[Items from a dataset]

□ □ □ □ □

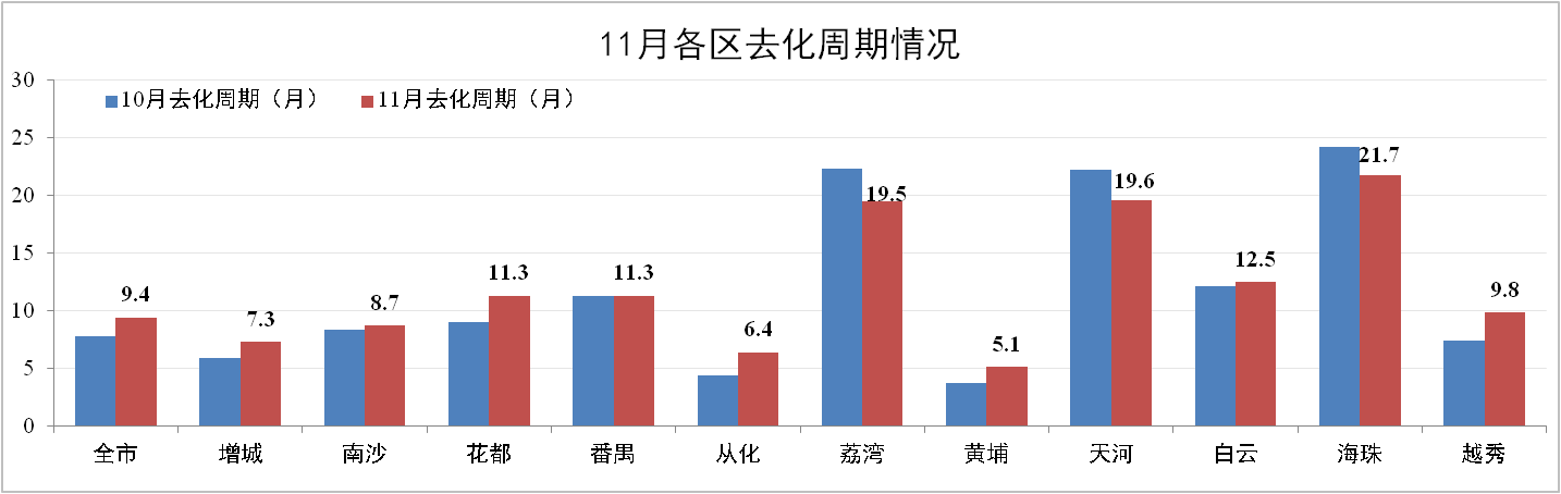 11月份廣州住宅地產(chǎn)去化周期為9.4個月,環(huán)比10月增加1.6個月,總體庫存量為763.68萬m²,增城、花都等熱門區(qū)域由于新批預(yù)售集中在11月,拉動整體庫存量增加。
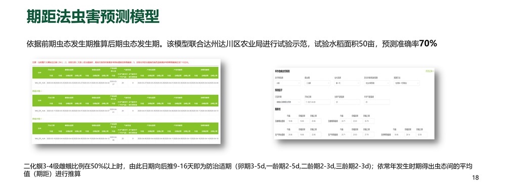 依據(jù)昆蟲各蟲態(tài)或全世代的發(fā)育起點(diǎn)溫度(t)、有效積溫(K),結(jié)合氣象預(yù)報(bào)溫度(T),由有效積溫公式,計(jì)算卵和幼蟲等蟲態(tài)發(fā)生歷期(d),d=K/(T-t)。模型與實(shí)際蟲害爆發(fā)趨勢(shì)一致性準(zhǔn)確率達(dá)85%
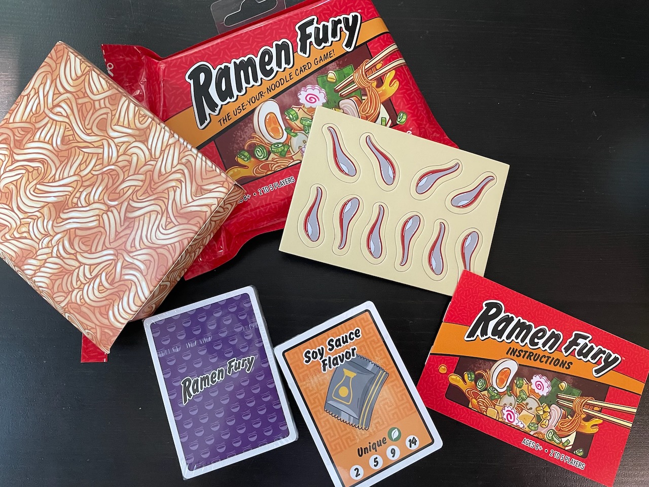 Ramen Fury stands out because of the packaging. Looking very much like a bag of uncooked ramen on the shelf, one cannot help but smile. Not only does the game look like a bag of ramen, it even feels like it when hefted. The ramen packaging theme continues inside the box resealable bag with an inner box that looks like that block of uncooked ramen. The game components—bowls and ingredient cards along with little punch-out spoons—have artwork that reminds me a bit of Sushi Go. Unfortunately, the great thematic execution of the packaging is as good as the game gets.
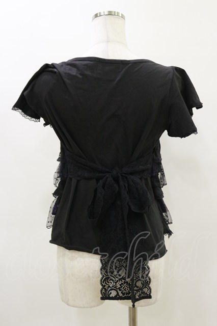 HANGRY&ANGRY / プリントフリルトップス 黒 H-26-04-04-017-HN-TO-AK-ZH
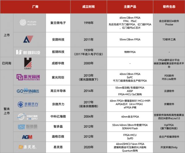 国内FPGA企业不完全统计,制表丨电子工程世界
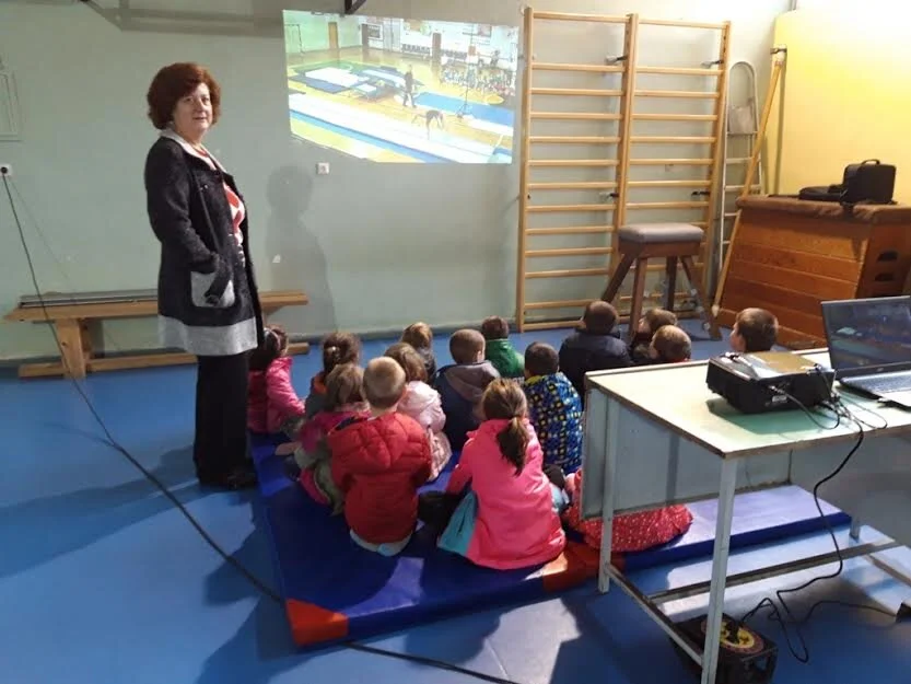 Οι μικροί μαθητές είχαν την ευκαιρία μέσα από προβολή βίντεο να γνωρίσουν ποια είναι τα αντρικά και ποια τα γυναικεία αγωνίσματα της ΕΝΟΡΓΑΝΗΣ ΓΥΜΝΑΣΤΙΚΗΣ.
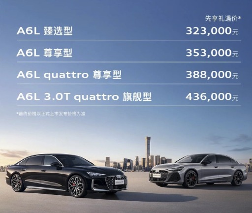 3月10日,奥迪宣布新款奥迪A6L正式开启预售,包含四款车型,预售价区间32.3万-43.6万元。
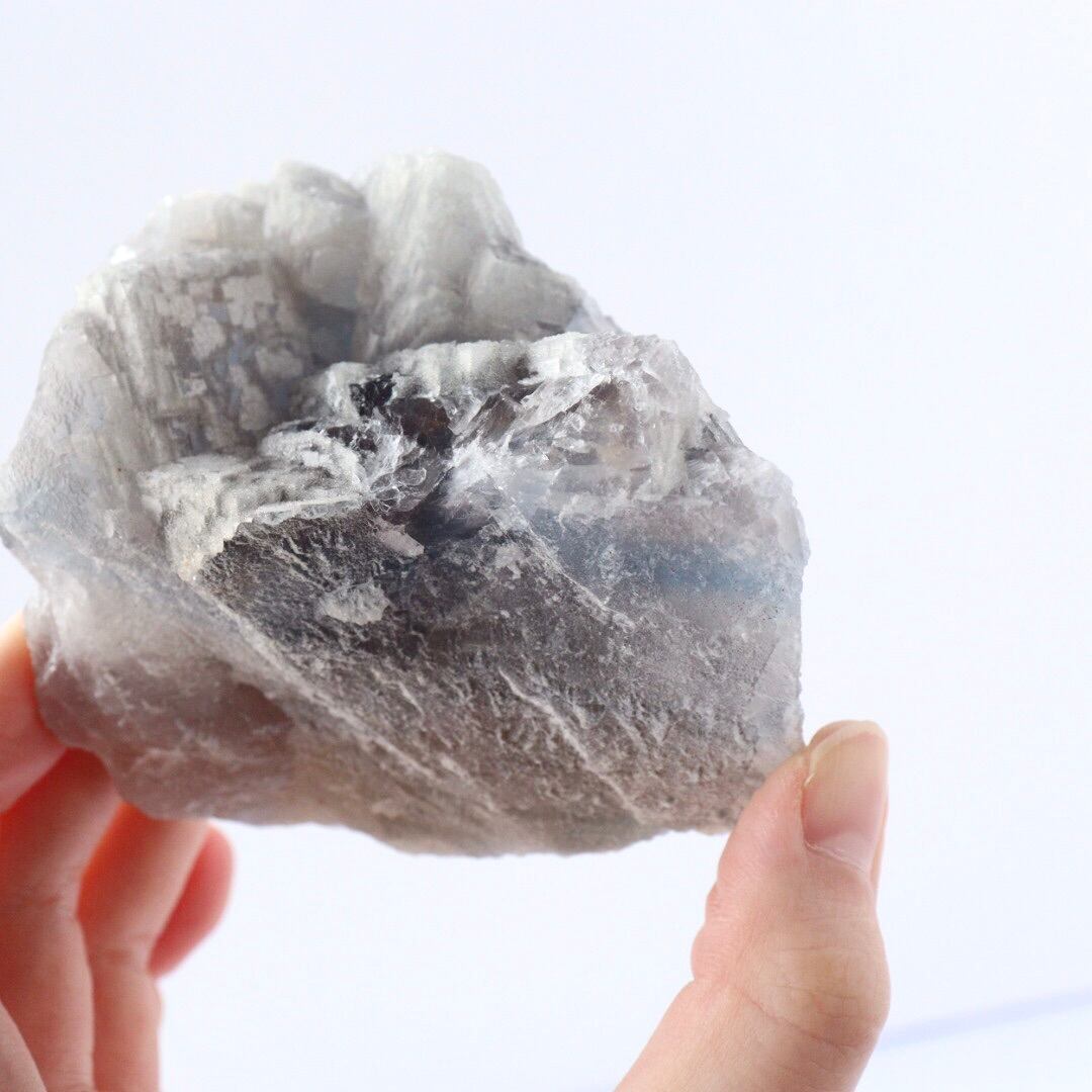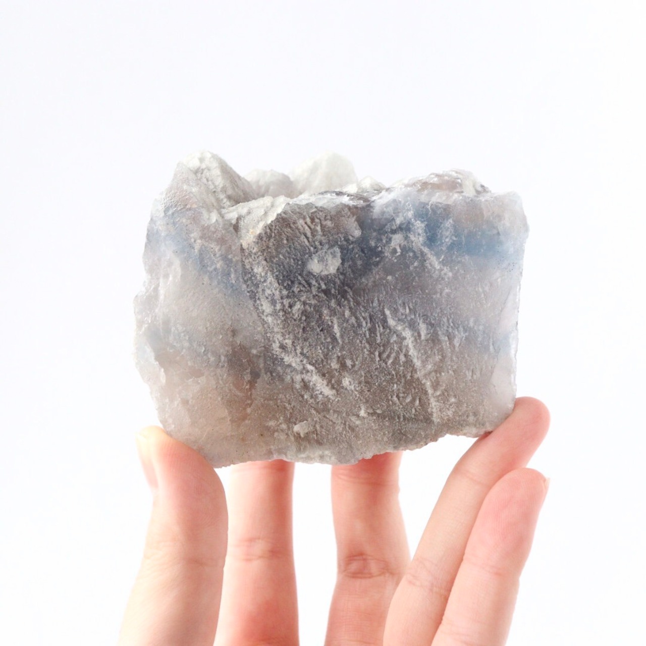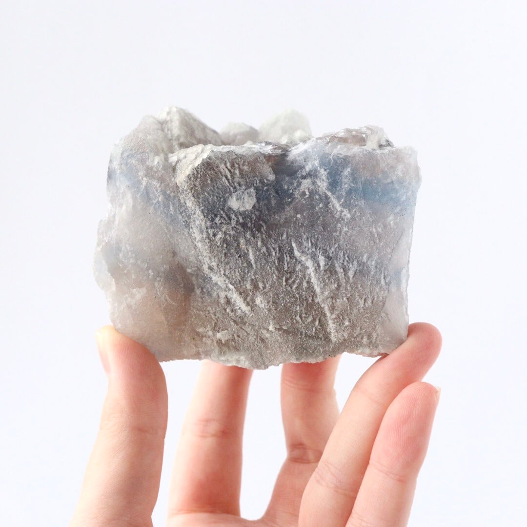 雪の結晶を纏ったようなブルーグレーフローライトの大きな原石。
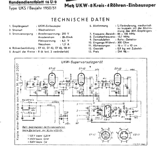 Metz Einbausuper UKS Ergaenzung zu den Daten des
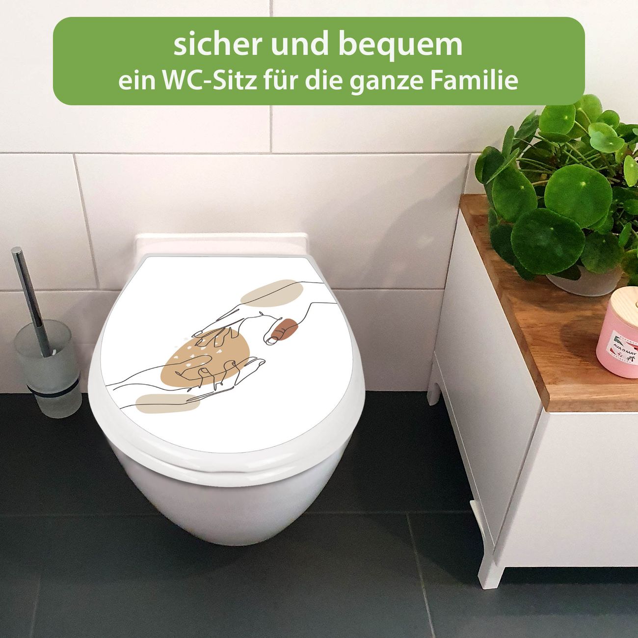 FUNKTION:Mit dem banjado Familien WC Sitz mit Absenkautomatik und dem Motiv Motiv Berührende Verbindung Lineart verbinden Sie Design mit Funktionalität. Sie erhalten den Toilettendeckel in bewährt guter Qualität mit Montagematerial passend auf alle Euro-WC-Becken. Die Gesamtgröße beträgt 37,1cm x 44,9cm x 5cm, die Grundfarbe ist weiß.</p> DESIGN:Der Klodeckel in weiß mit Motiv Motiv Berührende Verbindung Lineart hat eine ansprechende Optik, eine besondere Form und ist sehr stabil. Das Motiv besteht aus einer farbbrillianten Motivfolie, die durch ein Schutzlaminat zusätzlich vor Kratzern schützt. Der integrierte Kindersitz fügt sich harmonisch ein. DETAILS:Der Toilettensitz mit Soft Close besteht aus hochwertigem Polypropylen, ist geruchlos, ungiftig und kann mit handelsüblicher Seife gereinigt werden. Die Montage kann von von oben oder von unten erfolgen und ist kinderleicht. NUTZEN:Mit Hilfe der detaillierten Aufbauanleitung ermöglichen wir eine schnelle und unkomplizierte Montage. Die banjado Klobrille ist universell geeignet für alle Euro-WC-Schüsseln. Der Kindersitz kann unkompliziert entfernt werden. BANJADO:Ihr WC-Deckel wird in Sachsen in einer kleinen Manufaktur von Hand veredelt. Die Motivfolie ist lösungsmittelfrei und schutzlaminiert für einen langen Halt. Wir wünschen viel Freude bei der Auswahl eines schönen Motivs.
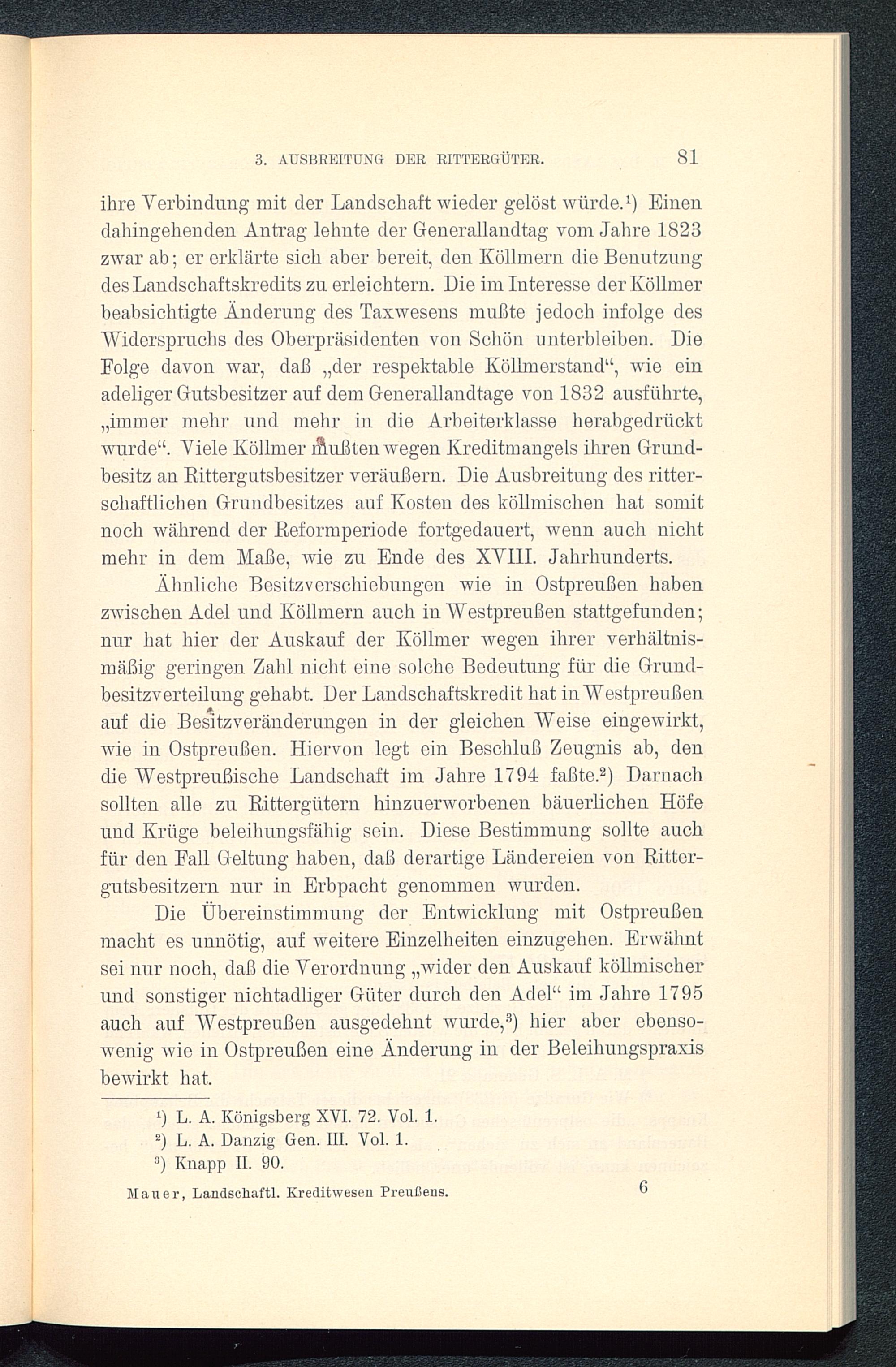 Das landschaftliche Kreditwesen Preussens : agrargeschichtlich und volkswirtschaftlich betrachtet ; ein Beitrag zur Geschichte der Bodenkreditpolitik des Preussischen Staates / von Hermann Mauer

□ □ □ □ □

→ The problem:
The output is the stretch above from the line with "Ramen Fury stands" through the line with "Metz Einbausuper UKS", copied word for word with both ends kept and every picture dropped.

→ Output of the exercise:
 Ramen Fury stands out because of the packaging. Looking very much like a bag of uncooked ramen on the shelf, one cannot help but smile. Not only does the game look like a bag of ramen, it even feels like it when hefted. The ramen packaging theme continues inside the box resealable bag with an inner box that looks like that block of uncooked ramen. The game components—bowls and ingredient cards along with little punch-out spoons—have artwork that reminds me a bit of Sushi Go. Unfortunately, the great thematic execution of the packaging is as good as the game gets.
 HANGRY&ANGRY / プリントフリルトップス 黒 H-26-04-04-017-HN-TO-AK-ZH
 国内FPGA企业不完全统计,制表丨电子工程世界
 Οι μικροί μαθητές είχαν την ευκαιρία μέσα από προβολή βίντεο να γνωρίσουν ποια είναι τα αντρικά και ποια τα γυναικεία αγωνίσματα της ΕΝΟΡΓΑΝΗΣ ΓΥΜΝΑΣΤΙΚΗΣ.
 3月10日,奥迪宣布新款奥迪A6L正式开启预售,包含四款车型,预售价区间32.3万-43.6万元。
 雪の結晶を纏ったようなブルーグレーフローライトの大きな原石。
 Metz Einbausuper UKS Ergaenzung zu den Daten des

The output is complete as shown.